**** Dataset extract
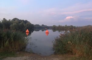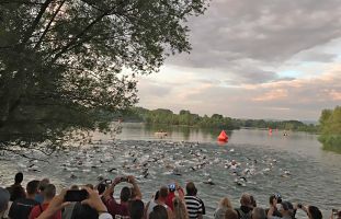 Der Startschuss für die Einzelstarter fiel um 6:35 Uhr an einem kleinem See unweit von Quedlinburg. Die Bedingungen waren an diesem Tag eigentlich optimal, um Sport zu machen, so herrschten morgens 20 Grad Außen- und ca. 23 Grad Wassertemperatur. Man muss, um auf die 2 km Streckenlänge zu kommen, den See im Grunde einmal umschwimmen. Das machte die Orientierung natürlich ein wenig einfacher. Mit meiner Schwimmzeit von 34:46 Minuten war ich sehr zufrieden. Allgemein muss ich sagen, dass der Sprung, den ich im Schwimmen gemacht habe, seitdem ich vor ca. einem Jahr zu den Sisus gestoßen bin, enorm ist. Großer Dank also an dieser Stelle an alle Schwimmtrainer!
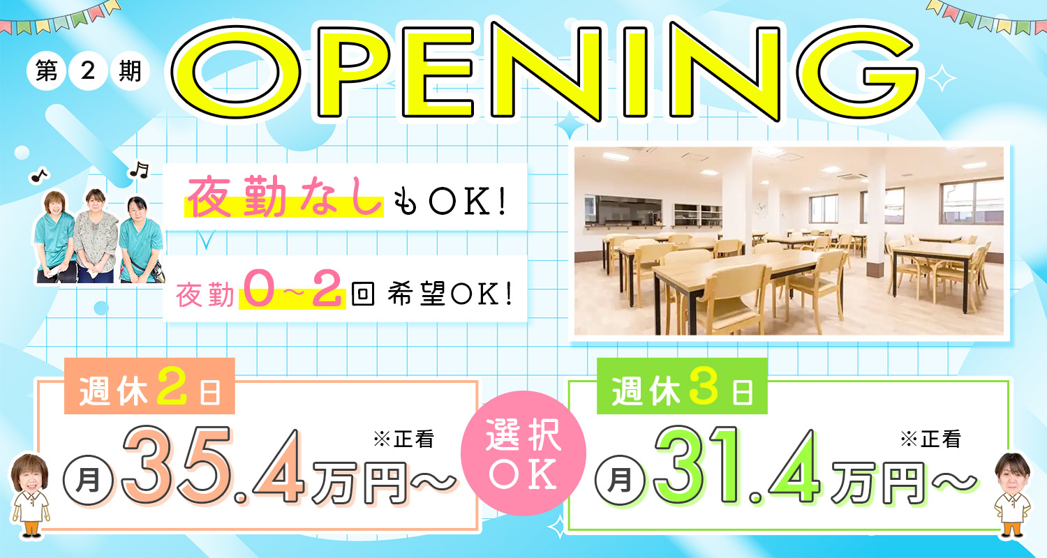 | 仕事内容 | (1)第2期オープニングの看護師/週休3日[社] (2)日勤のみ看護師/週休3日[社] 定員49名の完全新築OPEN、住宅型有料老人ホームにて、 医師やケアマネとの連携を図りながら、医師の指示に基づく処置、病状観察、リハビリケアなどをお願いします。 |
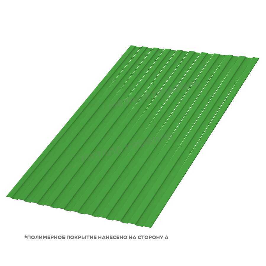 Профилированный лист С-8x1150-A (ПЭ-01-6018-0,5) — популярный материал в Москве для монтажа забора. Представляет собой металлический оцинкованный лист с покрытием. Толщина металла с цинковым и декоративно-защитным слоем — 0.5 мм.Проходя процедуру холодного проката, металл приобретает рисунок из повторяющихся волн. Такая форма придает профилю несущую способность.
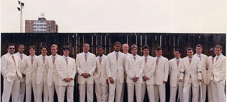 Столкновение между старым и новым футбольным миром на «Энфилде» в 1990-х годах воплощено в образе учтивого хореографа подиума в том, что тогда еще было ветхой деревянной хижиной в Мелвуде. «Уверяю тебя, Армани стоял там в столовой Мелвуда с двумя лакеями, просматривающими цветовую гамму, — сказал Стэн Коллимор. — В то время у Дэвида Джеймса был с ними контракт, и некоторые игроки были не прочь носить кричащие наряды. Даже капитан Джон Барнс иногда появлялся в костюме канареечного цвета, так что существовало некоторое волнение, когда пара игроков увидела кремовые костюмы. Никто не придал этому значения. Мы думали: "Мы собираемся выиграть Кубок Англии. Кому какое дело до костюмов?"»
********
Work required:
Repeat the data word for word; drop the pictures.

Answer for the task:
 Der Startschuss für die Einzelstarter fiel um 6:35 Uhr an einem kleinem See unweit von Quedlinburg. Die Bedingungen waren an diesem Tag eigentlich optimal, um Sport zu machen, so herrschten morgens 20 Grad Außen- und ca. 23 Grad Wassertemperatur. Man muss, um auf die 2 km Streckenlänge zu kommen, den See im Grunde einmal umschwimmen. Das machte die Orientierung natürlich ein wenig einfacher. Mit meiner Schwimmzeit von 34:46 Minuten war ich sehr zufrieden. Allgemein muss ich sagen, dass der Sprung, den ich im Schwimmen gemacht habe, seitdem ich vor ca. einem Jahr zu den Sisus gestoßen bin, enorm ist. Großer Dank also an dieser Stelle an alle Schwimmtrainer!
 | 仕事内容 | (1)第2期オープニングの看護師/週休3日[社] (2)日勤のみ看護師/週休3日[社] 定員49名の完全新築OPEN、住宅型有料老人ホームにて、 医師やケアマネとの連携を図りながら、医師の指示に基づく処置、病状観察、リハビリケアなどをお願いします。 |
 Профилированный лист С-8x1150-A (ПЭ-01-6018-0,5) — популярный материал в Москве для монтажа забора. Представляет собой металлический оцинкованный лист с покрытием. Толщина металла с цинковым и декоративно-защитным слоем — 0.5 мм.Проходя процедуру холодного проката, металл приобретает рисунок из повторяющихся волн. Такая форма придает профилю несущую способность.
 Столкновение между старым и новым футбольным миром на «Энфилде» в 1990-х годах воплощено в образе учтивого хореографа подиума в том, что тогда еще было ветхой деревянной хижиной в Мелвуде. «Уверяю тебя, Армани стоял там в столовой Мелвуда с двумя лакеями, просматривающими цветовую гамму, — сказал Стэн Коллимор. — В то время у Дэвида Джеймса был с ними контракт, и некоторые игроки были не прочь носить кричащие наряды. Даже капитан Джон Барнс иногда появлялся в костюме канареечного цвета, так что существовало некоторое волнение, когда пара игроков увидела кремовые костюмы. Никто не придал этому значения. Мы думали: "Мы собираемся выиграть Кубок Англии. Кому какое дело до костюмов?"»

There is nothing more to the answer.